John Vane: Summer morning saunter

John Vane: Summer morning saunter

On this particular August morning at 7am the heat was mercifully less oppressive than it has been in recent days, the sky was hazy – although that wouldn’t last – and the fitful breeze almost qualified as cooling. London’s climate continues to be classified as temperate and oceanic, the weather of a verdant island. Yet the city has been warned that it could run out of water within 25 years.

Such knowledge spoils the nice idea that your familiar sauntered outing for coffee and a croissant, undertaken, as this morning, in a short-sleeved shirt and shorts, is rather like the sort you make when on a summer holiday somewhere Mediterranean. The idle reverie is interrupted by thought experiments about impending doom and flashbacks to The Day The Earth Caught Fire.

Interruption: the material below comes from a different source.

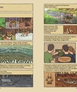 Najnowsza książka Mizielińskich to komiksowy zapis wszystkiego, czego się dowiedzieli. Michał opowie wam w niej, jaka jest struktura wilczych grup, jak duże są wilcze terytoria i po co wilki odbywają dalekie wędrówki. Skomentuje częste mity na temat tych zwierząt i wyjaśni wam, w jaki sposób badacze zbierają informacje: jak tropią wilki i jak je liczą, co potrafią wywnioskować z badania wilczych kup i resztek wilczych posiłków, jak działa fotopułapka, a jak obroża GPS – i jak tę ostatnią wilkowi założyć.

That was all inside the first minute of the excursion, during which a cyclist emerged from a sub-divided house at the end of the street. His slamming of the door behind him intruded on a relative quiet that dissipated with each step closer to the motorised traffic on the main road. There are fewer vehicles in the summer, what with some Londoners going away. It still roars and rumbles, though, with buses and heavy vans – the city of work, already loudly awake.

It seems important to pay more heed to things mostly taken for granted. The next piece of pavement contains cracks and undulations, seemingly caused by tree roots that are, judging by the positions of the trees, likely to date from the creation of the pavement itself. London needs more trees. Planting them might help prevent the water running out.

Behind the iron railings, rubbish has been dumped in the children’s playground and the ducks are communing on the island in the pond. The island houses a fountain, a joy when it is working, but it had not yet been switched on for the day. Across the water from the ducks, at the pond’s edge, pigeons puttered about on an asphalt surface augmented with guano of their own making. In contrast to trees, we have sufficient pigeons – one for every three Londoners. They love us for our high-rise hiding places and dropped chips.

Up ahead, the shop’s boss, in a straw hat, was busy tidying around the entrance. He’d only just opened for business, but already the bread had been delivered and the pastries had been baked. The other morning, he had been up at four to purchase fruit and veg from New Spitalfields. The cappuccino was in preparation almost before I’d got through the door. The welcoming accents were, as usual, from Turkey and Georgia. On other days, at other times, they are from India, somewhere in Africa, and maybe Spain.

Once back home, I discovered that while I was out I had been bitten on an ankle. London’s insect population has been declining. The bite. I’m glad to say, was a blessing in disguise.